Now that you’ve seen a basic example of processing JSON, the rest of this post will be about storing JSON and integrating it nicely into the Django admin.

Some background on Django + JSON:

If you are using Postgres life is easy with JSON and Django because way back in Django 1.9 (December 2015) the Postgres only models.JSONField() came out.  Prior to that you’d be using a TEXT field to store JSON.

MySQL introduced a JSON type in version 5.7 but Django doesn’t support it out of the box as of 2.1.  Django requires you to implement JSON storage in a TextField (MySQL type longtext) and leave it at that.  I’m ‘guilty’ of using MySQL TEXT to store JSON on a few older projects and it works fine for me.

With the MySQL native JSON field you get additional JSON validation at the database level (which you should be doing at the API level already), optimized storage (yes please!), and ability to use non-standard SQL to index and query values inside the JSON. The last part is interesting but also makes me cringe a little because it is NoSQL wrapped inside an SQL database… Too much rope to get tangled up in.

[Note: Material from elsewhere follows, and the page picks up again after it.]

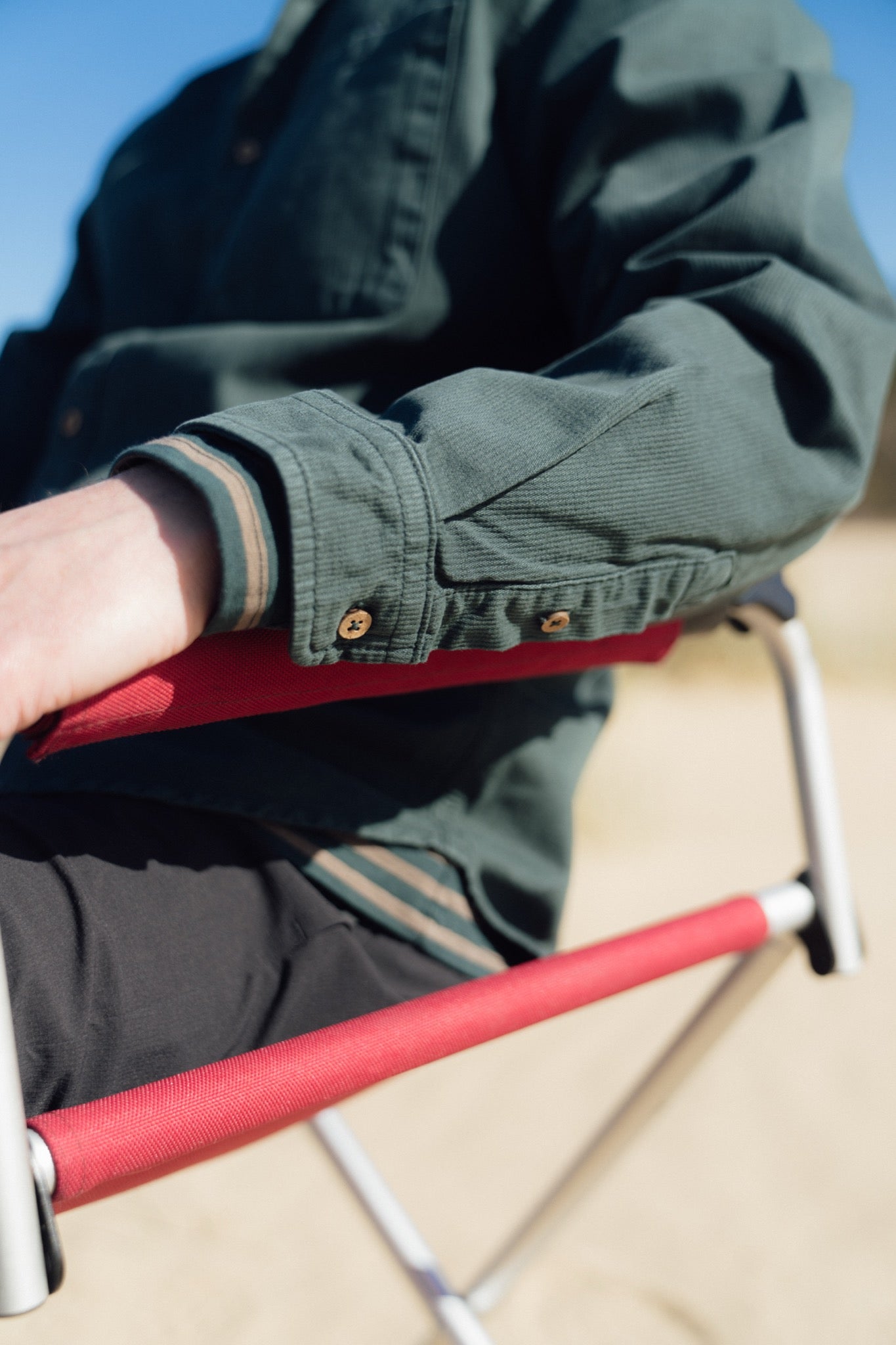 Skjorten er lavet i en tung og robust kvalitet, der kan holde til alle slags eventyr – store som små. Stoffets rå tekstur giver den en autentisk aura, mens den klassiske button-down krave holder stilen skarp.

For MySQL users there is another way…. if you really want to use the native JSON type in MySQL the Django-Mysql package is available.

Consider the following contrived model (models.py):

# -*- coding: utf-8 -*-
from __future__ import unicode_literals

from django.db import models
from django_mysql.models import JSONField


class BookExample(models.Model):
    id = models.BigAutoField(primary_key=True, editable=False)
    name = models.CharField(max_length=100)
    detail_text = models.TextField()
    detail_json = JSONField()  # requires Django-Mysql package

    class Meta:
        managed = True
        db_table = 'book_example'
        verbose_name = 'Book Example'
        verbose_name_plural = 'Book Examples'

For illustrative purposes it has a TEXT based column and a JSON based column.

 

Running makemigrations + migrate will generate the following MySQL table:

CREATE TABLE `book_example` (
  `id` bigint(20) NOT NULL AUTO_INCREMENT,
  `name` varchar(100) NOT NULL,
  `detail_text` longtext NOT NULL,
  `detail_json` json NOT NULL,
  PRIMARY KEY (`id`)
) ENGINE=InnoDB;

 

Django admin wiring (admin.py):

# -*- coding: utf-8 -*-
from __future__ import unicode_literals

from django.contrib import admin

from example.models import BookExample


class BookExampleAdmin(admin.ModelAdmin):
    list_display = ('name',)


admin.site.register(BookExample, BookExampleAdmin)

 

Now let’s fill in some sufficiently complex (contrived) JSON:

{
  "title": "Anathem",
  "authors": ["Neal Stephenson"],
  "publication_year": 2008,
  "description_sort": "Anathem is a science fiction novel by Neal Stephenson, published in 2008. Major themes include the many-worlds interpretation of quantum mechanics...",
  "chapters": [{
      "title": "Extramuros",
      "number": 1,
      "summary": "The story takes place on Arbre, a planet similar to Earth...",
      "page_count": 23
    },
    {
      "title": "Cloister",
      "number": 2,
      "summary": "Erasmas describes several buildings of the Concent, namely the Scriptiorium...",
      "page_count": 14
    },
    {
      "title": "Aut",
      "number": 3,
      "summary": "Erasmas describes the Mynster, which is a building housing the Concent's clock...",
      "page_count": 34
    }
  ],
  "language": "English",
  "page_count": 937
}

 

Here is how it would look in the admin using default settings:
 Django admin with JSON default

Both fields render as <textarea> fields (which are fully editable) and it is really hard to read the contents.  The first field is a plain textarea and it will accept any data. The second field has JSON validation wired to it so the form won’t go through unless the JSON is valid.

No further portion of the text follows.